Mini-batch objective with \(N_b\) optimizer steps per epoch:

\[ \widehat{\mathcal L}_{\mathrm{ELBO}}= \widehat{\mathcal L}_{\mathrm{NLL}} + \beta\,\frac{1}{N_b} \mathrm{KL}\!\left(q_{\phi}(w)\,\|\,p(w)\right) \]

Relationship to posterior KL:

\[ \mathrm{KL}\!\left(q_{\phi}(w)\,\|\,p(w\mid\mathcal D)\right) = \mathcal L_{\mathrm{ELBO}}(\phi)+\log p(\mathcal D) \]

5) Inference / Prediction Equations

Regression predictive moments:

\[ \mu(x)=\frac{1}{S}\sum_{s=1}^{S} f(x;w^{(s)}) \]
\[ \sigma^2_{\mathrm{epi}}(x)= \frac{1}{S}\sum_{s=1}^{S}\left(f(x;w^{(s)})-\mu(x)\right)^2 \]

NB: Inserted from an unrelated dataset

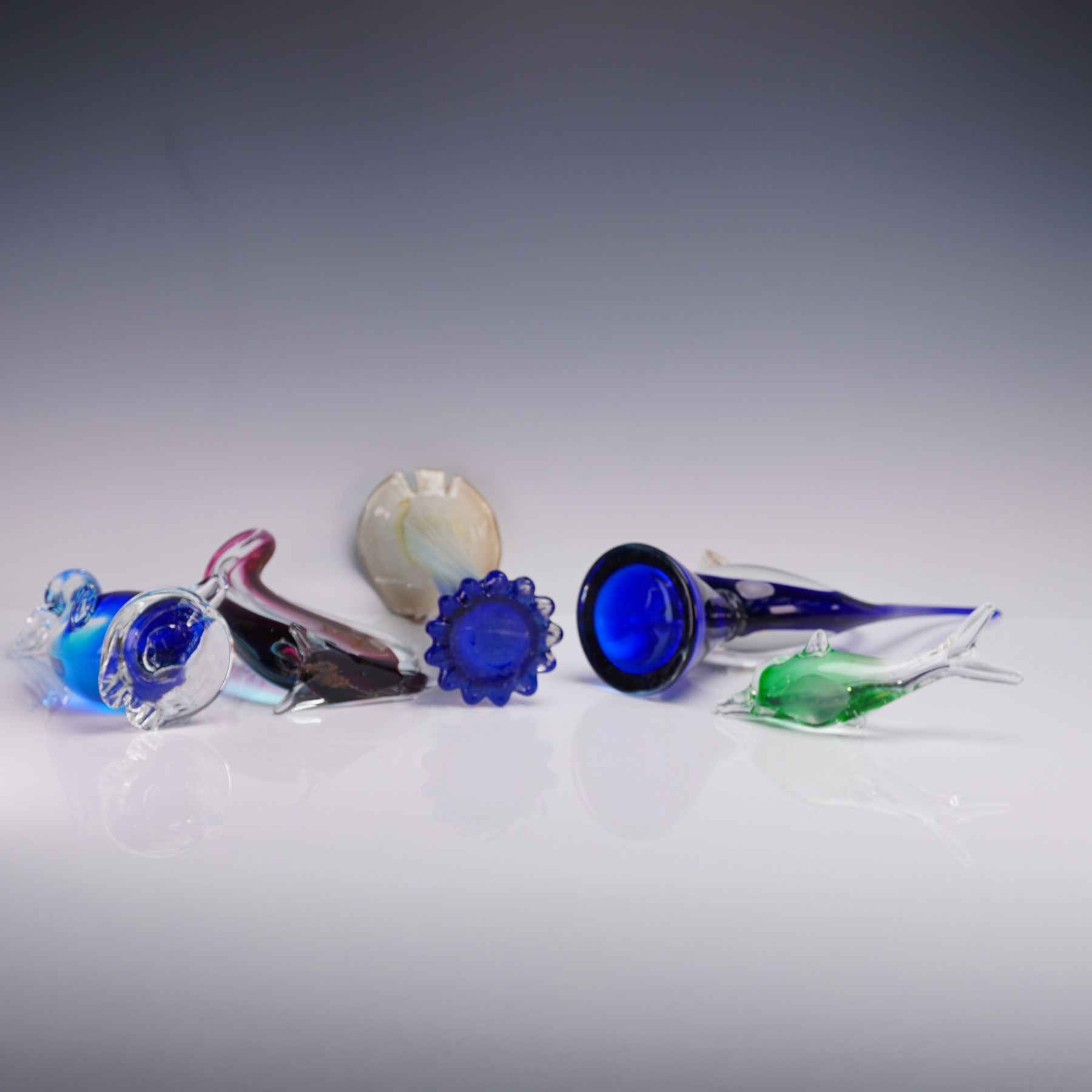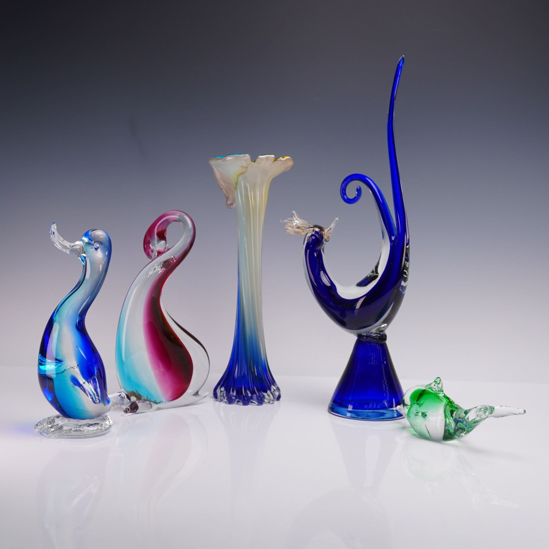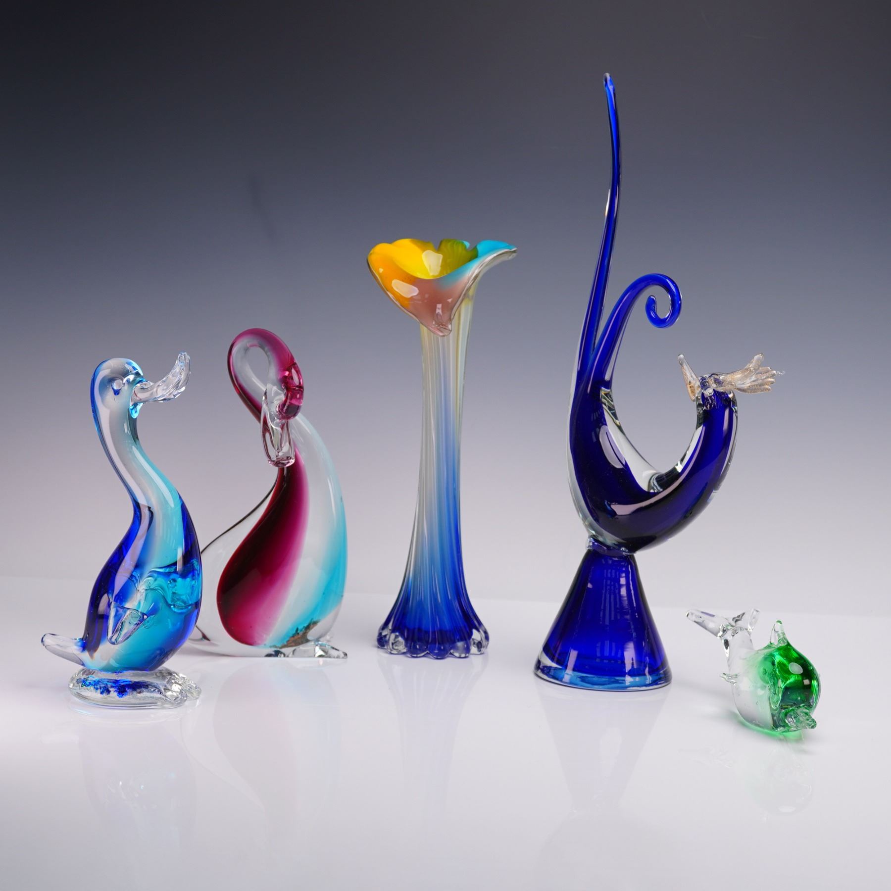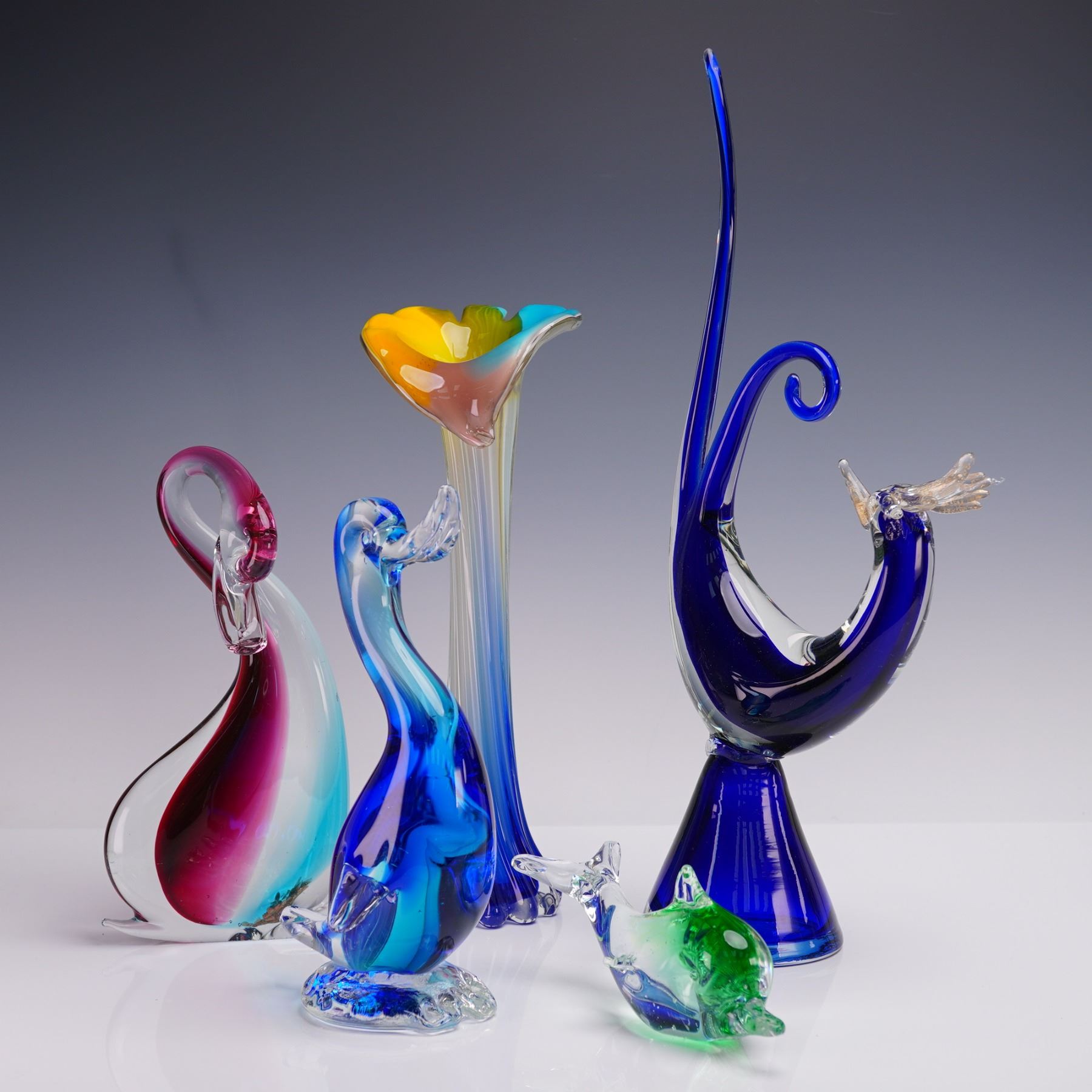 A vibrant collection of five modern art glass figures, including a cobalt blue abstract bird with frosted wings, a multicolor calla lily Jack in the Pulpit vase in shades of yellow, green, and rose, and three charming animal forms - a green and clear dolphin, a bright blue duck, and a deep pink-and-turquoise swan. Each piece is individually hand-blown with clear glass elements and rich internal coloration. A cheerful and decorative grouping perfect for display or gift giving.

Classification predictive probabilities:

\[ \bar p(y\mid x)= \frac{1}{S}\sum_{s=1}^{S} \mathrm{softmax}\!\left(z(x;w^{(s)})\right) \]

6) Practical Implications

  • Fixed \(\beta\) is useful when comparing ELBO trends across epochs.
  • Larger Monte Carlo sample counts reduce estimator variance but increase compute.
  • Mean-field VI is scalable but cannot represent full posterior correlations.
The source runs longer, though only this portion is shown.